■ **Assigned task**
All of the data that follows should be retyped exactly, please, except the pictures.
[Exercise data]
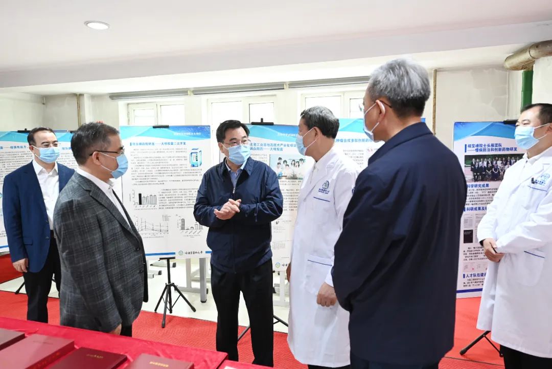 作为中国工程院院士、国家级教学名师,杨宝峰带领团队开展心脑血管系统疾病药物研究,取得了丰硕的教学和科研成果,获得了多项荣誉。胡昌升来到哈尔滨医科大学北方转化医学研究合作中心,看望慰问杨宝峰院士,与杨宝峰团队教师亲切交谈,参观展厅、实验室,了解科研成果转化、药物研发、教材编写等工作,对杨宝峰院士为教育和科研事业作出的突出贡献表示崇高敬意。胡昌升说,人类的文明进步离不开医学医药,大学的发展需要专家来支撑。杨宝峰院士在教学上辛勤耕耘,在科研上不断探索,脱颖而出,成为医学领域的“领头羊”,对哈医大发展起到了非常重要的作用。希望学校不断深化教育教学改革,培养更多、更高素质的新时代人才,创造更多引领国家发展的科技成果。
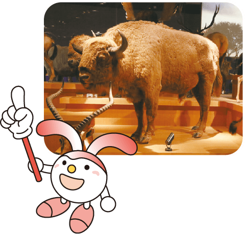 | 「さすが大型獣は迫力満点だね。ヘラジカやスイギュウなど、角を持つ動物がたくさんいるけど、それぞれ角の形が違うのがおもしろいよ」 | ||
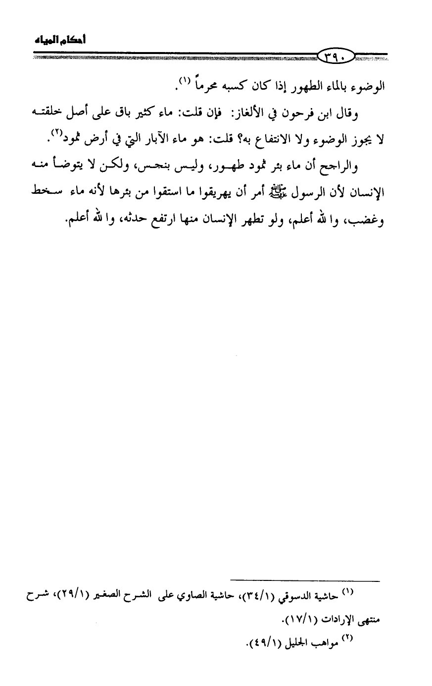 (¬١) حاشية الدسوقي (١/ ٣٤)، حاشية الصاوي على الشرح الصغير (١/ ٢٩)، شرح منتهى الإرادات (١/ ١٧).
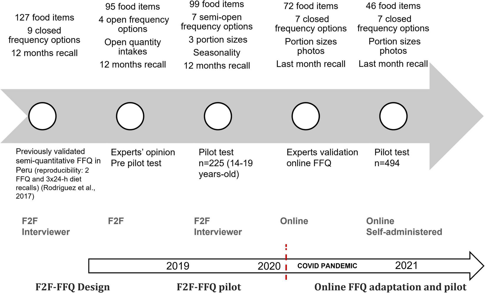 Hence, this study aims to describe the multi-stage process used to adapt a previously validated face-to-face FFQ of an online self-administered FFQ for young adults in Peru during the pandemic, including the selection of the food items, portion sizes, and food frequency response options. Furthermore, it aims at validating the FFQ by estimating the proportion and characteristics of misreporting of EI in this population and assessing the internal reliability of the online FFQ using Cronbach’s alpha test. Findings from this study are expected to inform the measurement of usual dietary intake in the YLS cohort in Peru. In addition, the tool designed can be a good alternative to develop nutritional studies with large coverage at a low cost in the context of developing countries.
[/Exercise data]
■ **Reply**
 作为中国工程院院士、国家级教学名师,杨宝峰带领团队开展心脑血管系统疾病药物研究,取得了丰硕的教学和科研成果,获得了多项荣誉。胡昌升来到哈尔滨医科大学北方转化医学研究合作中心,看望慰问杨宝峰院士,与杨宝峰团队教师亲切交谈,参观展厅、实验室,了解科研成果转化、药物研发、教材编写等工作,对杨宝峰院士为教育和科研事业作出的突出贡献表示崇高敬意。胡昌升说,人类的文明进步离不开医学医药,大学的发展需要专家来支撑。杨宝峰院士在教学上辛勤耕耘,在科研上不断探索,脱颖而出,成为医学领域的“领头羊”,对哈医大发展起到了非常重要的作用。希望学校不断深化教育教学改革,培养更多、更高素质的新时代人才,创造更多引领国家发展的科技成果。
 | 「さすが大型獣は迫力満点だね。ヘラジカやスイギュウなど、角を持つ動物がたくさんいるけど、それぞれ角の形が違うのがおもしろいよ」 | ||
 (¬١) حاشية الدسوقي (١/ ٣٤)، حاشية الصاوي على الشرح الصغير (١/ ٢٩)، شرح منتهى الإرادات (١/ ١٧).
 Hence, this study aims to describe the multi-stage process used to adapt a previously validated face-to-face FFQ of an online self-administered FFQ for young adults in Peru during the pandemic, including the selection of the food items, portion sizes, and food frequency response options. Furthermore, it aims at validating the FFQ by estimating the proportion and characteristics of misreporting of EI in this population and assessing the internal reliability of the online FFQ using Cronbach’s alpha test. Findings from this study are expected to inform the measurement of usual dietary intake in the YLS cohort in Peru. In addition, the tool designed can be a good alternative to develop nutritional studies with large coverage at a low cost in the context of developing countries.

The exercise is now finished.